Start of Data for analysis

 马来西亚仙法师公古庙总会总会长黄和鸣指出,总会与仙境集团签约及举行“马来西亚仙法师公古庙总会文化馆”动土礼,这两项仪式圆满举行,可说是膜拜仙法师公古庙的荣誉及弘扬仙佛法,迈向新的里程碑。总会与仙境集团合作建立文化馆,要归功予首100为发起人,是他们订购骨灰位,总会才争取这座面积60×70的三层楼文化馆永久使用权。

End of Data for analysis
Start of Data for analysis

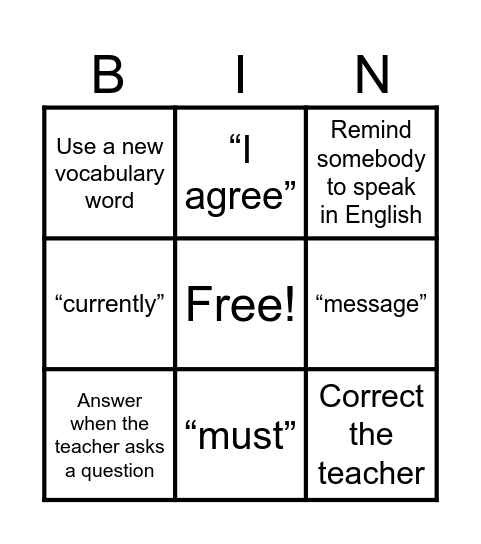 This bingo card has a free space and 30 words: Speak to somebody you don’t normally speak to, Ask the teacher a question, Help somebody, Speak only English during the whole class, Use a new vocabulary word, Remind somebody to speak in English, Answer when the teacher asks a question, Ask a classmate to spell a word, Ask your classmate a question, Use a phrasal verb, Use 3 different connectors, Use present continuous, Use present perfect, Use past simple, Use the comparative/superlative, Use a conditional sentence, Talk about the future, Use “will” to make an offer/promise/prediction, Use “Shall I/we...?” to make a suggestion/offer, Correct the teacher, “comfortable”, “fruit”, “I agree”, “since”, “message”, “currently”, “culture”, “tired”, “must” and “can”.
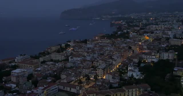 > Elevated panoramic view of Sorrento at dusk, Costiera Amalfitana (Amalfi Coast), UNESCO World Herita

End of Data for analysis

Your assignment: Copy exactly the part of the material above that opens with the line containing "This bingo card" and closes with the line containing "UNESCO World Herita", ends included. Drop the images.

Written reply:
 This bingo card has a free space and 30 words: Speak to somebody you don’t normally speak to, Ask the teacher a question, Help somebody, Speak only English during the whole class, Use a new vocabulary word, Remind somebody to speak in English, Answer when the teacher asks a question, Ask a classmate to spell a word, Ask your classmate a question, Use a phrasal verb, Use 3 different connectors, Use present continuous, Use present perfect, Use past simple, Use the comparative/superlative, Use a conditional sentence, Talk about the future, Use “will” to make an offer/promise/prediction, Use “Shall I/we...?” to make a suggestion/offer, Correct the teacher, “comfortable”, “fruit”, “I agree”, “since”, “message”, “currently”, “culture”, “tired”, “must” and “can”.
 > Elevated panoramic view of Sorrento at dusk, Costiera Amalfitana (Amalfi Coast), UNESCO World Herita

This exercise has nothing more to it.